__Task directions__
Would you repeat word for word the lines of the listing that follows, from the one with "本校田徑隊於兩項大型體育賽事" up to and including the one with "2 - Galette - applicazione: lavabo", and leave out the images?
─── Listed entries
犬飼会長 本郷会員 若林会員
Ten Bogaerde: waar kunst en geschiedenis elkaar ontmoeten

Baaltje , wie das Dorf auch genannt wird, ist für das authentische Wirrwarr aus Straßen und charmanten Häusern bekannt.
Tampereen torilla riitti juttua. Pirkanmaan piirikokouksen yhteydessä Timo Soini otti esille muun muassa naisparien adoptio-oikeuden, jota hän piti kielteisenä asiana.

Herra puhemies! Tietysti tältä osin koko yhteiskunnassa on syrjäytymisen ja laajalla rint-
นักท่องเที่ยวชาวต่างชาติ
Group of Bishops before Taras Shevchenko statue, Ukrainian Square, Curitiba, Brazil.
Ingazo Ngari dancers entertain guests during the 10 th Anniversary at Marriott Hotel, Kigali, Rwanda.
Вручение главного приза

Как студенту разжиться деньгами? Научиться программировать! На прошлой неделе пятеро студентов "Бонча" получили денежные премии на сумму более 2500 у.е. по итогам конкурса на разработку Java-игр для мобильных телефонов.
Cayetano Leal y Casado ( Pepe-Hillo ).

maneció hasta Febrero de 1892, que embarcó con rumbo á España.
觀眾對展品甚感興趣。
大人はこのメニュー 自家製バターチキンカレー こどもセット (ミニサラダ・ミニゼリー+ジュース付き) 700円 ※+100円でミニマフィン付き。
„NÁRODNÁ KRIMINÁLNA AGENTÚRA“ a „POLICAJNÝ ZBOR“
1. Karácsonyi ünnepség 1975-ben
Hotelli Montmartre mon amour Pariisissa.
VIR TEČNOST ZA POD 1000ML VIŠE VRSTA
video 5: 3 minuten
──────
─── Listed entries
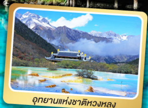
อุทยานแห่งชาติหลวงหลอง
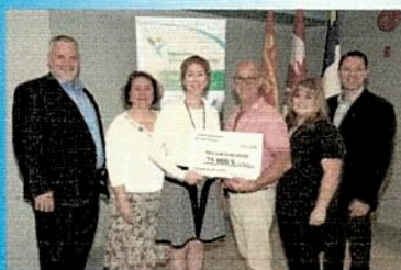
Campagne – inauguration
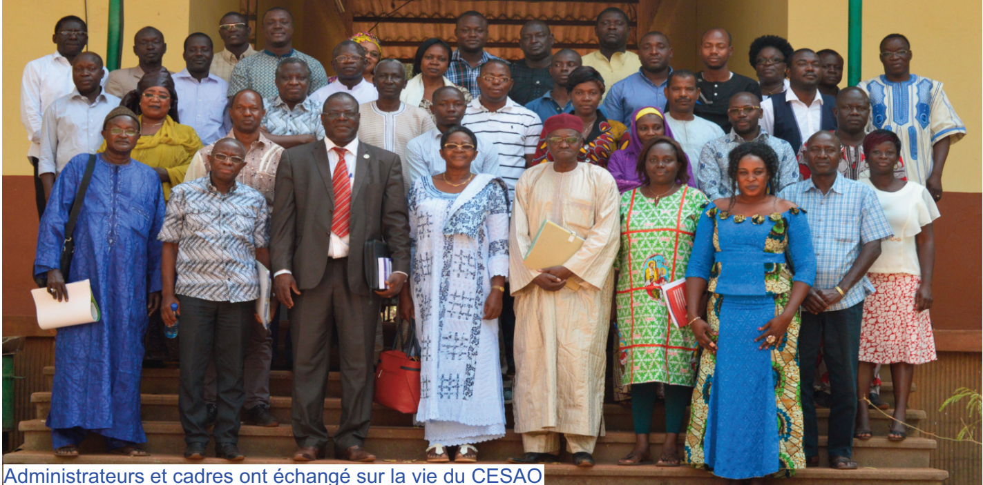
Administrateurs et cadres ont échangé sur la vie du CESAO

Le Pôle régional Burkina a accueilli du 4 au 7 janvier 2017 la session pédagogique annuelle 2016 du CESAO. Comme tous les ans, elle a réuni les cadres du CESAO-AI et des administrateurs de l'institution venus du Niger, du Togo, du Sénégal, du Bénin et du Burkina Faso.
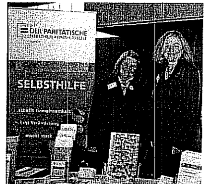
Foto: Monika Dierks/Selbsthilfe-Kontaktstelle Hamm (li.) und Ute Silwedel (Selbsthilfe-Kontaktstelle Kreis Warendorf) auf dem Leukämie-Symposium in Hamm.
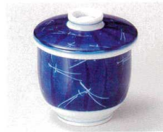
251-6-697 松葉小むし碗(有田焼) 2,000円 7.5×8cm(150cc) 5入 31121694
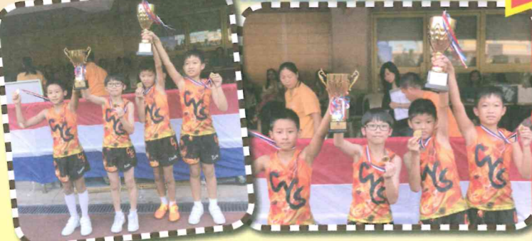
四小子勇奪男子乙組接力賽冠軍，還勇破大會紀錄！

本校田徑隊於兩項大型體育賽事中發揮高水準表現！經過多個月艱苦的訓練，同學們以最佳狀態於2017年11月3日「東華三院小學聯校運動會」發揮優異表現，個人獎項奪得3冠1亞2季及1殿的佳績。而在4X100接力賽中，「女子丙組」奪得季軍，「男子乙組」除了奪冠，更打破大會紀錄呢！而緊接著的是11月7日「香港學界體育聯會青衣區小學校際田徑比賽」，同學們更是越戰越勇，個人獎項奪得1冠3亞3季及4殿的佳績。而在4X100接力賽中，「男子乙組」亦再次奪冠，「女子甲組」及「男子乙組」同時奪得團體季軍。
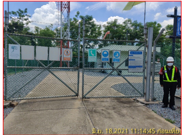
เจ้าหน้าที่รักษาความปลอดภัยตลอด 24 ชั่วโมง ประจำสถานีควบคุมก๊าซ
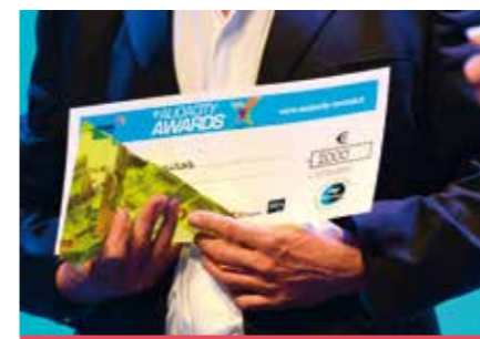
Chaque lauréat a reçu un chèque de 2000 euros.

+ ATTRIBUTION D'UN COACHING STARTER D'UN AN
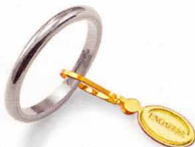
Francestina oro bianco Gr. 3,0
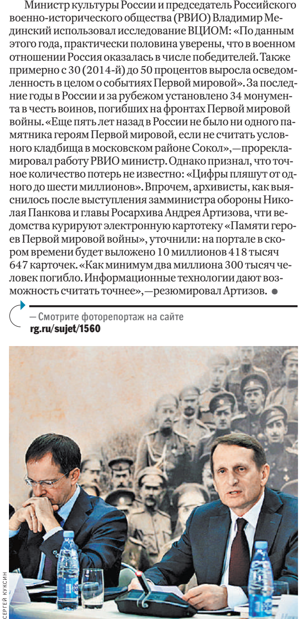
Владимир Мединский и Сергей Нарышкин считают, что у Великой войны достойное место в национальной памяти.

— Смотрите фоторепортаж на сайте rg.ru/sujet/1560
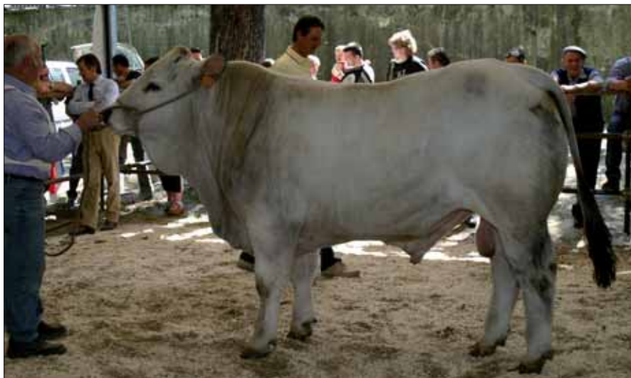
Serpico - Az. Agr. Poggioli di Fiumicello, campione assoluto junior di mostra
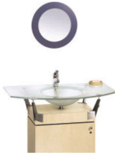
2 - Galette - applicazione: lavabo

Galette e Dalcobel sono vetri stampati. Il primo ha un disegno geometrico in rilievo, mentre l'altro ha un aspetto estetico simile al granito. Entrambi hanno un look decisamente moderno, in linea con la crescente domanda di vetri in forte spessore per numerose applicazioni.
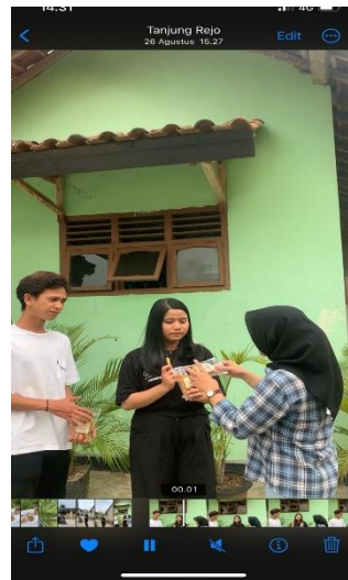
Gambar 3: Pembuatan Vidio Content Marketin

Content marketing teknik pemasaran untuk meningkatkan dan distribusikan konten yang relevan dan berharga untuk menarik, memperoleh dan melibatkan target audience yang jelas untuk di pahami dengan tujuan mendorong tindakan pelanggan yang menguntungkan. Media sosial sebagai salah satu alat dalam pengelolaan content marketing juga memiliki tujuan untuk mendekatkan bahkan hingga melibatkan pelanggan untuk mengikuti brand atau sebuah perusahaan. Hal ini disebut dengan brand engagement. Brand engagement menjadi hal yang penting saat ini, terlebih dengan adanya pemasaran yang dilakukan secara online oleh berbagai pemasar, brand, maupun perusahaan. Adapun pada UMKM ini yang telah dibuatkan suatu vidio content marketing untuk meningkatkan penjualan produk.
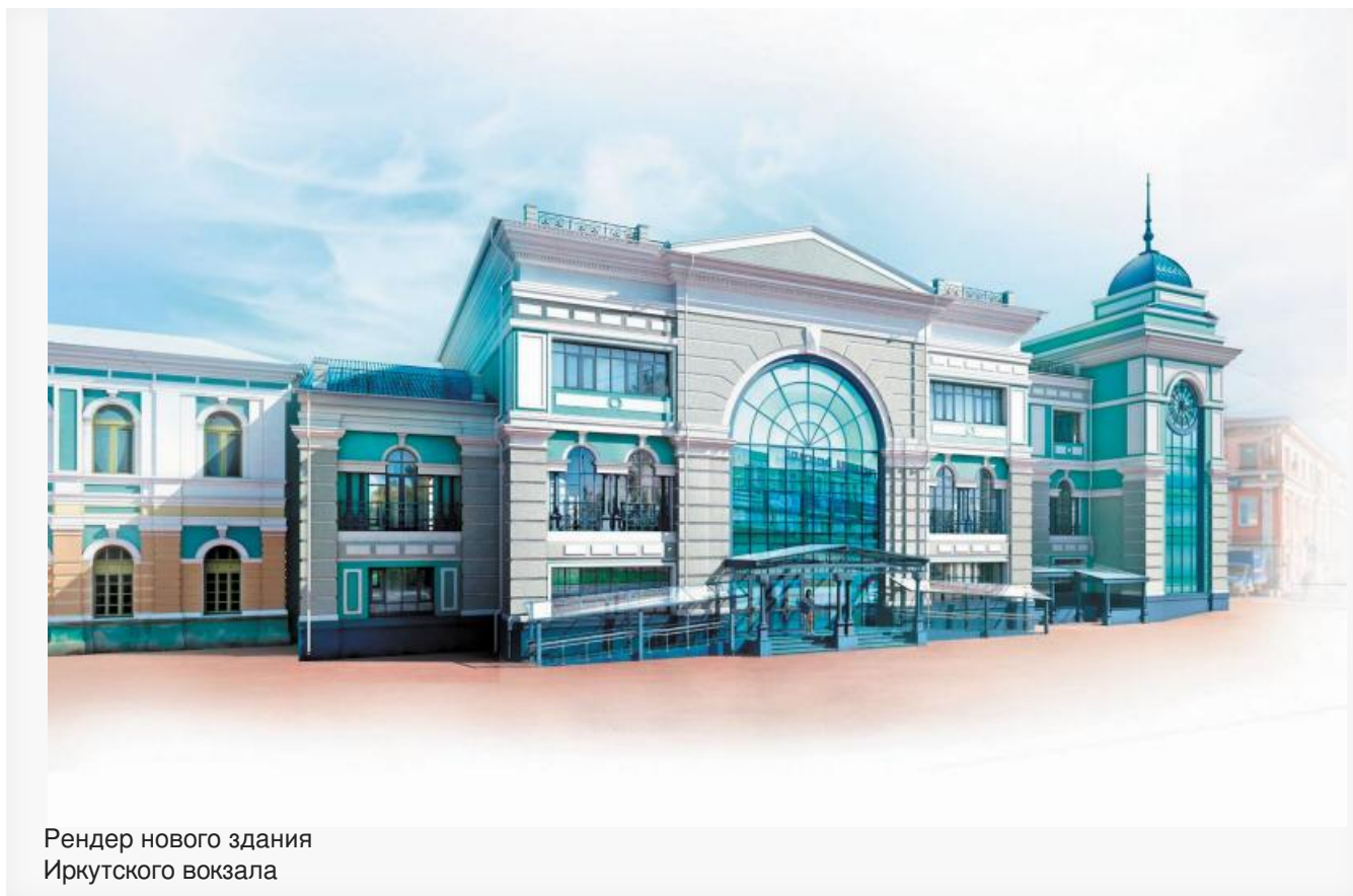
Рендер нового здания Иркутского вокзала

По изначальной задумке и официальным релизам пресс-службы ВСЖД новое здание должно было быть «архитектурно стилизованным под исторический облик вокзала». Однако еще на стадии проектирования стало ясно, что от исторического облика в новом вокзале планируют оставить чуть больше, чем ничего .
──────
__Completed task__
本校田徑隊於兩項大型體育賽事中發揮高水準表現！經過多個月艱苦的訓練，同學們以最佳狀態於2017年11月3日「東華三院小學聯校運動會」發揮優異表現，個人獎項奪得3冠1亞2季及1殿的佳績。而在4X100接力賽中，「女子丙組」奪得季軍，「男子乙組」除了奪冠，更打破大會紀錄呢！而緊接著的是11月7日「香港學界體育聯會青衣區小學校際田徑比賽」，同學們更是越戰越勇，個人獎項奪得1冠3亞3季及4殿的佳績。而在4X100接力賽中，「男子乙組」亦再次奪冠，「女子甲組」及「男子乙組」同時奪得團體季軍。
เจ้าหน้าที่รักษาความปลอดภัยตลอด 24 ชั่วโมง ประจำสถานีควบคุมก๊าซ
Chaque lauréat a reçu un chèque de 2000 euros.

+ ATTRIBUTION D'UN COACHING STARTER D'UN AN
Francestina oro bianco Gr. 3,0
Владимир Мединский и Сергей Нарышкин считают, что у Великой войны достойное место в национальной памяти.

— Смотрите фоторепортаж на сайте rg.ru/sujet/1560
Serpico - Az. Agr. Poggioli di Fiumicello, campione assoluto junior di mostra
2 - Galette - applicazione: lavabo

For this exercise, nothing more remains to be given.